══ Given information
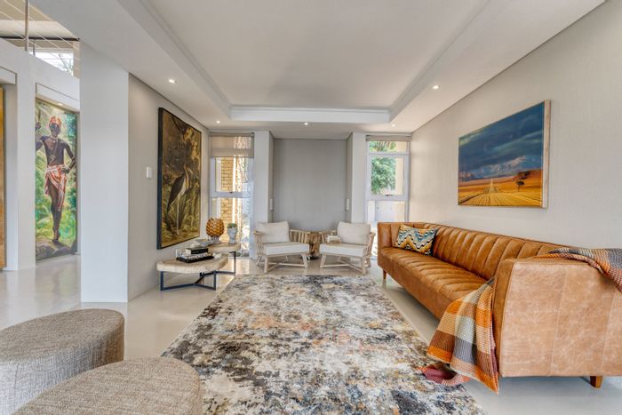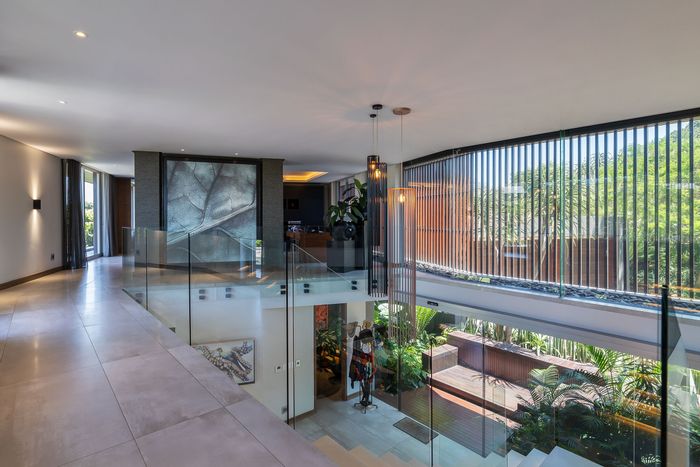 Secluded forest retreat in Zimbali Estate with double-volume entrance and seamless indoor–outdoor flow, private decks and entertainment area with built-in braai and splash pool; four en-suite bedrooms, double garage.
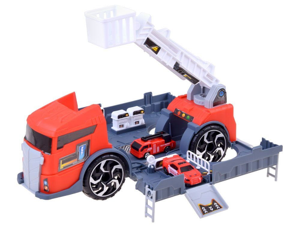 Super večnamenski avto-truckówka na velikih kolesih v rdeči barvi, ki bo odlično darilo za malega ljubitelja avtomobilizma. Konstrukcija vozila in avtomobilov, ki so vključeni v komplet, skupaj z drugimi elementi omogoča, da ga pri igri uporabljate na različne načine, med drugim kot garažo, prikolico, dvigalo.
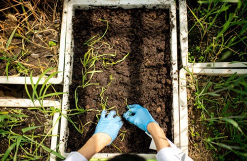 A researcher who works with Gao Caixia plants CRISPR-modified wheat in a Beijing greenhouse. (Image by STEFEN CHOW)
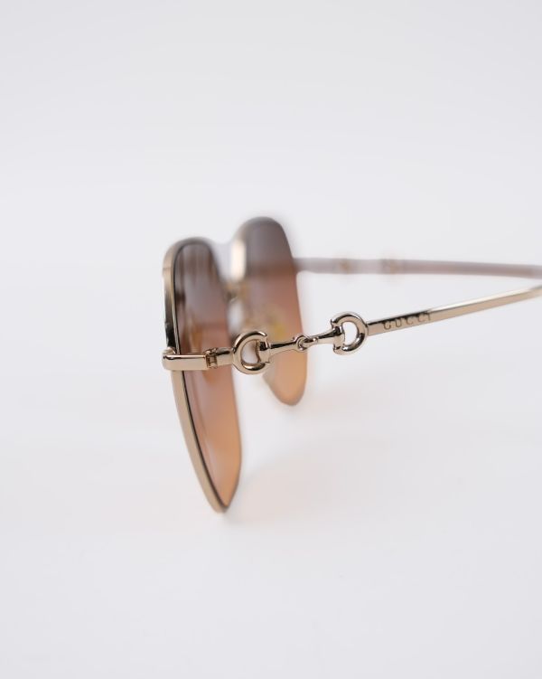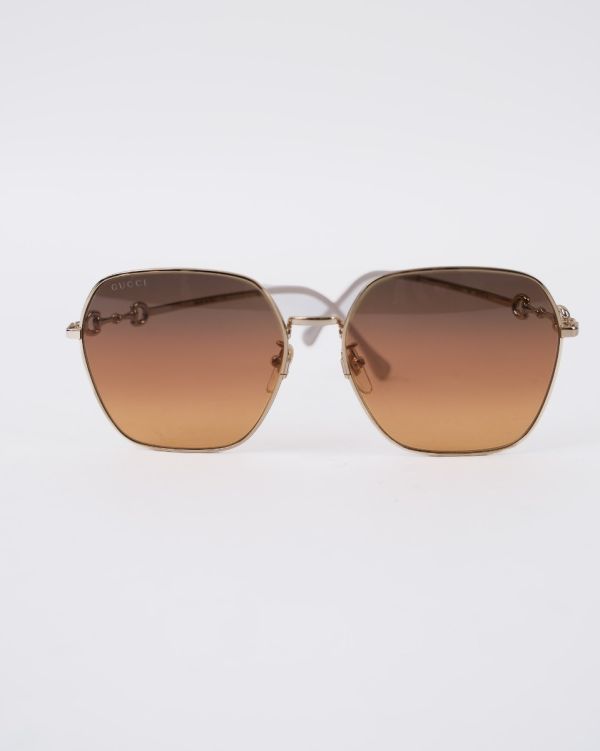 Ces lunettes de soleil Gucci séduisent par leur monture fine en métal doré et leurs verres dégradés aux teintes chaudes, offrant un style à la fois élégant et intemporel. Le détail iconique Horsebit sur les branches rappelle l’héritage emblématique de la maison Gucci. Un accessoire chic et raffiné, parfait pour sublimer toutes vos tenues avec une touche de luxe.
════
● **Aim of the task**: Every line above should be transcribed exactly, though no image should be carried over.

● **Answer for this exercise**:
 Secluded forest retreat in Zimbali Estate with double-volume entrance and seamless indoor–outdoor flow, private decks and entertainment area with built-in braai and splash pool; four en-suite bedrooms, double garage.
 Super večnamenski avto-truckówka na velikih kolesih v rdeči barvi, ki bo odlično darilo za malega ljubitelja avtomobilizma. Konstrukcija vozila in avtomobilov, ki so vključeni v komplet, skupaj z drugimi elementi omogoča, da ga pri igri uporabljate na različne načine, med drugim kot garažo, prikolico, dvigalo.
 A researcher who works with Gao Caixia plants CRISPR-modified wheat in a Beijing greenhouse. (Image by STEFEN CHOW)
 Ces lunettes de soleil Gucci séduisent par leur monture fine en métal doré et leurs verres dégradés aux teintes chaudes, offrant un style à la fois élégant et intemporel. Le détail iconique Horsebit sur les branches rappelle l’héritage emblématique de la maison Gucci. Un accessoire chic et raffiné, parfait pour sublimer toutes vos tenues avec une touche de luxe.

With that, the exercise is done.